Charité Universitätsmedizin Berlin, Corporate Member of Freie Universität Berlin, Humboldt-Universität zu Berlin, Berlin Institute of Health, Department of Radiology, Berlin, Germany.
Department of Internal Medicine/Infectious and Respiratory Disease, Charité Universitätsmedizin Berlin, Berlin, Germany.
Int J Chron Obstruct Pulmon Dis. 2019 Jul 17;14:1583-1593. doi: 10.2147/COPD.S204007. eCollection 2019.
Quantitative analysis of CT scans has proven to be a reproducible technique, which might help to understand the pathophysiology of chronic obstructive pulmonary disease (COPD) and combined pulmonary fibrosis and emphysema. The aim of this retrospective study was to find out if the lung function of patients with COPD with Global Initiative for Chronic Obstructive Lung Disease (GOLD) stages III or IV and pulmonary emphysema is measurably influenced by high attenuation areas as a correlate of concomitant unspecific fibrotic changes of lung parenchyma.
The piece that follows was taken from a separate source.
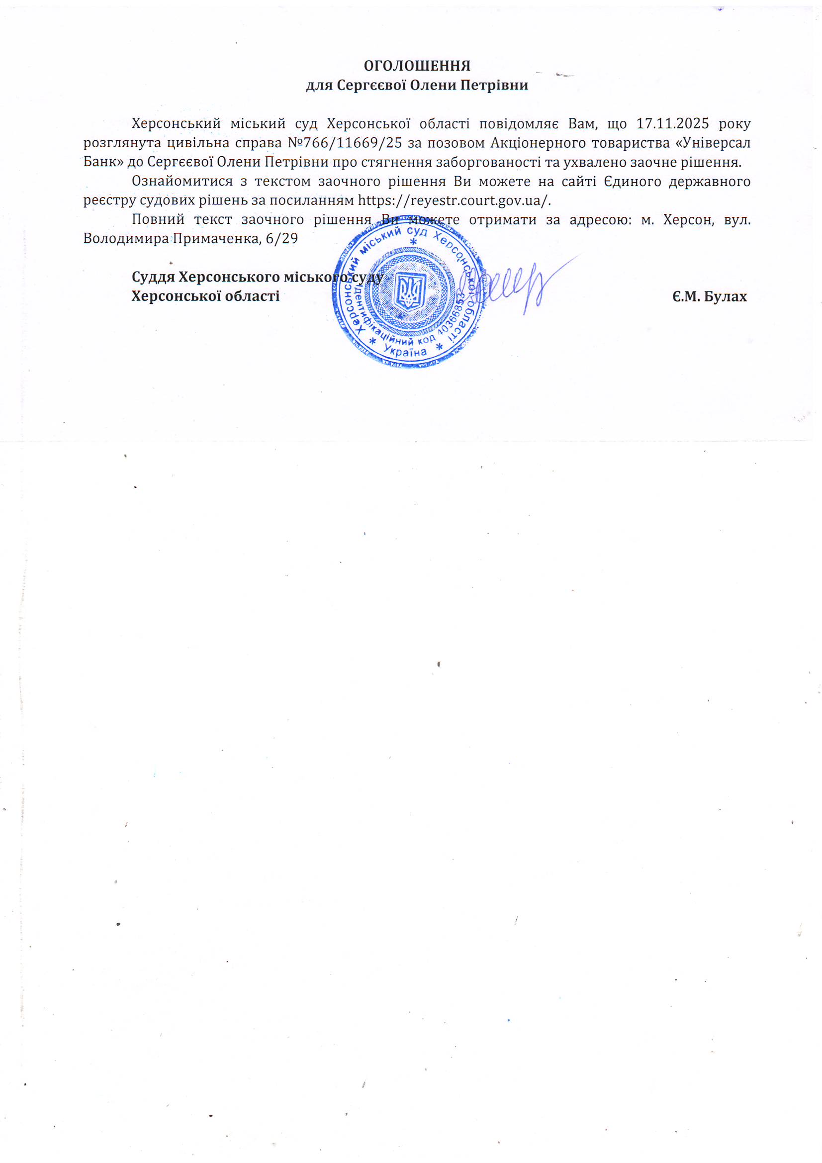 Оголошення для Сергєєвої Олени Петрівни про ухвалення заочного рішення

Eighty-eight patients with COPD GOLD stage III or IV underwent CT and pulmonary function tests. Quantitative CT analysis was performed to determine low attenuation volume (LAV) and high attenuation volume (HAV), which are considered to be equivalents of fibrotic (HAV) and emphysematous (LAV) changes of lung parenchyma. Both parameters were determined for the whole lung, as well as peripheral and central lung areas only. Multivariate regression analysis was used to correlate HAV with different parameters of lung function.
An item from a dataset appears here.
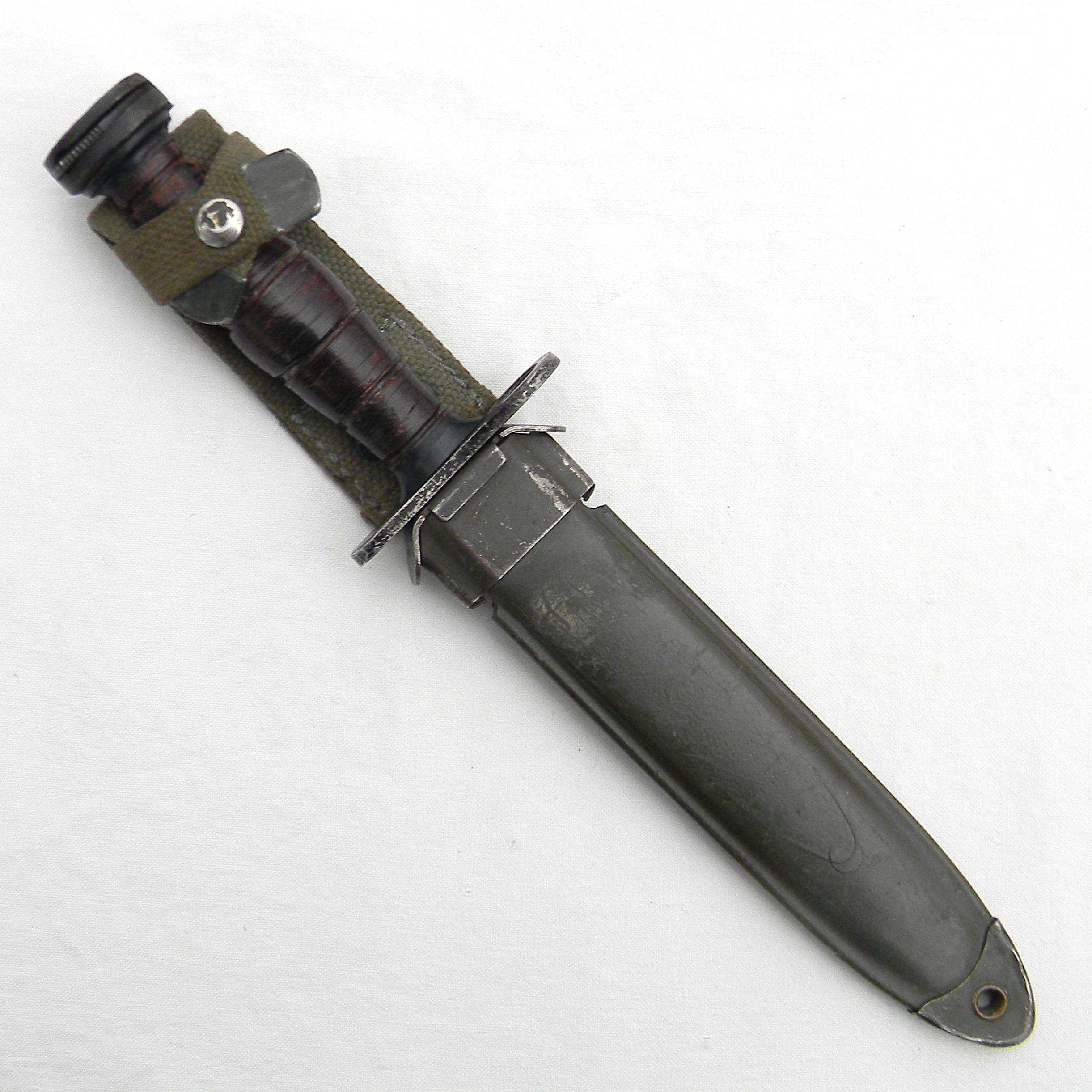 Cold War era Greece M4 bayonet for M1 carbine, only 38,264 were made in the 1950s; rare original Greek-made M8A1 style composition scabbard included; excellent overall condition. FREE USPS PRIORITY MAIL SHIPPING WITHIN THE U.S. FOR THIS ITEM

Unlike LAV, HAV did not show significant correlation with parameters of lung function. Even in patients with a relatively high HAV of more than 10%, in contrast to HAV (=0.786) only LAV showed a significantly negative correlation with forced expiratory volume in 1 second (r=-0.309, R=0.096, =0.003). A severe decrease of DLCO% was associated with both larger HAV (=0.045) and larger LAV (=0.001). Residual volume and FVC were not influenced by LAV or HAV.
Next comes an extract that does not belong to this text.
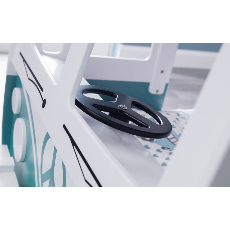 The Campervan Bunk Bed is the perfect fun design for your child’s bedroom! This beautifully crafted, sturdy bed will make your child feel secure at bedtimes, as well as providing a fun space for them to use during the day. Featuring a surfboard style ladder, steering wheel and very accurate detailing to give a realistic look.

In patients with COPD GOLD stage III-IV, emphysematous changes of lung parenchyma seem to have such a strong influence on lung function, which is a possible effect of concomitant unspecific fibrosis is overwhelmed.
CT 扫描的定量分析已被证明是一种可重复的技术,它可以帮助我们了解慢性阻塞性肺疾病(COPD)和合并肺纤维化和肺气肿的病理生理学。本回顾性研究的目的是确定 COPD GOLD 分期 III 或 IV 期和肺气肿患者的肺功能是否受到高衰减区(作为肺实质非特异性纤维化改变的相关指标)的可测量影响。
88 例 COPD GOLD 分期 III 或 IV 期患者接受 CT 和肺功能检查。进行定量 CT 分析以确定低衰减体积(LAV)和高衰减体积(HAV),它们被认为是肺实质纤维化(HAV)和肺气肿(LAV)变化的等效物。这两个参数均用于整个肺、外周和中央肺区。使用多元回归分析将 HAV 与肺功能的不同参数相关联。
与 LAV 不同,HAV 与肺功能参数无显著相关性。即使在 HAV 较高(超过 10%)的患者中,与 HAV(=0.786)相比,仅 LAV 与 1 秒用力呼气量呈显著负相关(r=-0.309,R2=0.096,=0.003)。DLCO%严重下降与较大的 HAV(=0.045)和较大的 LAV(=0.001)相关。残气量和 FVC 不受 LAV 或 HAV 的影响。
在 COPD GOLD 分期 III-IV 期的患者中,肺实质的气肿性改变对肺功能的影响似乎如此强烈,以至于可能被同时存在的非特异性纤维化所掩盖。